Шрифт:
Интервал:
Закладка:
Так же разумно и толково он отвечал на другие вопросы. Однако прочую братию никогда не обрывал, но лишь поучал, утверждая, что нет ереси в любви к мыслительству и любомудрия никогда не бывает излиха, ибо господь недаром дал человеку разум, вдохнув в него божью искру, а посему сосуд всевышнего волен сам избирать себе любую дорогу. Хочешь — бреди, яко привязанный, вослед за святыми книгами, ни на шаг не отступая в сторону, хочешь — воспари мыслию, яко птица, коя изо всех тварей ближе всех к отцу небесному. Сам Артемий предпочитал последнее.
— Нож али топор, и то без работы ржа точит, тело у лежачего недужного пролежнями покрывается, ибо бездейство само по себе есть кара, — частенько любил он повторять остальным монахам. — Так по что мы свой разум ежедневно и ежечасно мыслию не испытуем? Ждем, чтобы и его ржа поточила? А ведь он, тако же, яко и образ наш, даден свыше.

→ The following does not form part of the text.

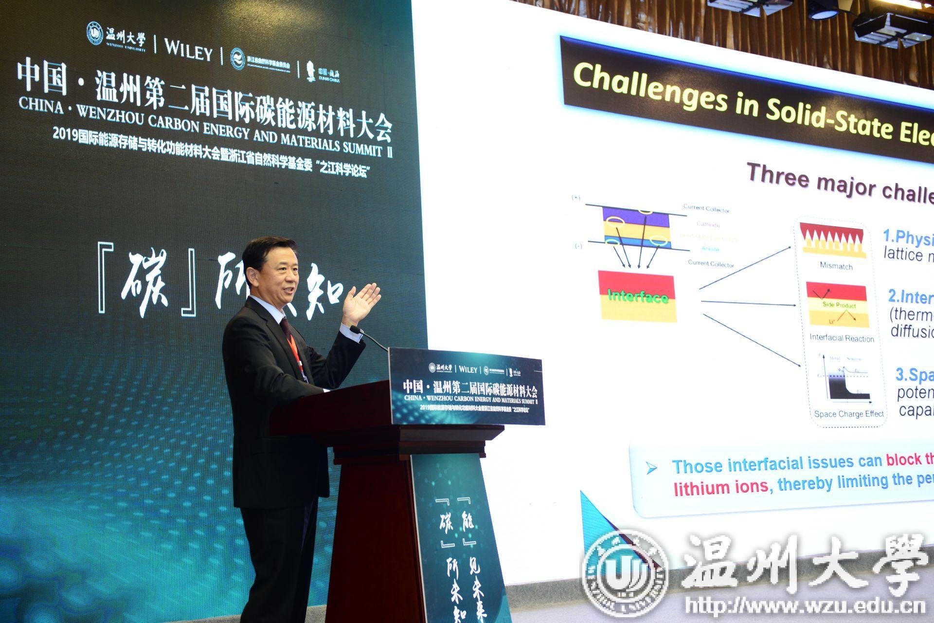 sunbet申愽官网校长赵敏介绍了sunbet申愽官网的有关基本情况,以及sunbet申愽官网化学、材料学科的学科实力,并用了“3个有”来概括:“有实力、有动力、有诚意”。他指出,学校正锚定创建博士学位授予单位、“省市共建”省重点建设高校、以侨为特色的“省部共建”高校这“三大发展目标”,明确提出建设“高水平教学研究型大学”的办学定位。sunbet申愽官网在全面步入跨越式发展的关键时期,热切期盼加盟、合作和指导。最后,他讲道sunbet申愽官网与德国Wiley出版集团联合创办的《Carbon Energy》将于今天隆重出刊,并希望在不久的将来,将《Carbon Energy》期刊办成世界一流学术期刊。他强调,sunbet申愽官网将以本次会议和《Carbon Energy》出刊为契机,充分发挥平台、科研和人才团队的优势,与各位学界、业界同仁一道,为中国的新材料、新能源领域的优秀科技成果更好地走向世界搭建桥梁,为温州、浙江乃至全国的新材料、新能源产业发展提供更加强劲的人才和科技支撑。

Вот и выходит, что человек не думающий, но лишь хватающий все готовое, подобен тому оратаю, кто не засевает землю по весне. Иной и спохватывается, но прошло уж время, и посеявшие летом не дождутся урожая, ибо поморозит зима-смерть молодые всходы. Тот же, кто лишь в мерзлую землю, то бишь на старости лет, принялся бросать зерна в пашню, и во все ростков не узрит.
— А озимые?! — выкрикнул из-за решетки Иоанн, услышав поучение впервые.
Выкрикнул и дико захохотал, довольный, что уел монаха. Но это лишь казалось ему. У Артемия нашелся ответ и про озимые:
— То осенний посев, и уподобить его можно книжной премудрости. Смерть-зима уносит с собой посеявшего, но его семена-слова становятся по весне доступны иным, юным. Одначе одними озимыми сыт не будешь. Надобно и самому потрудиться с яровыми. Вот и выходит, что оба посева важны — один для себя, другой — для потомства. Так мы и живем.
Постепенно и сам Иоанн стал участвовать в подобного рода диспутах. Изодранные фолианты ему заменили, взяв с узника слово, что новые он станет читать со всевозможным бережением, и теперь бывший царь нет-нет да и вставлял словцо, и не одно, почерпнутое из святых книг, причем, похваляясь своей памятью, цитировал наизусть целые куски из писания. Не все из них звучали к месту, подчас и вовсе невпопад, но тут почти все старцы делали вид, что не замечают в сказанном ни казусов, ни противоречий. Лишь Феодосий Косой да правдолюбец Фома всякий раз выступали поперек, уличая узника в говоре не по делу, и тыкали его носом в содеянные ошибки. Потому Иоанн и невзлюбил их больше прочих, а в диспутах всегда становился на противоположную сторону, защищая святые книги, какая нелепица в них бы ни говорилась.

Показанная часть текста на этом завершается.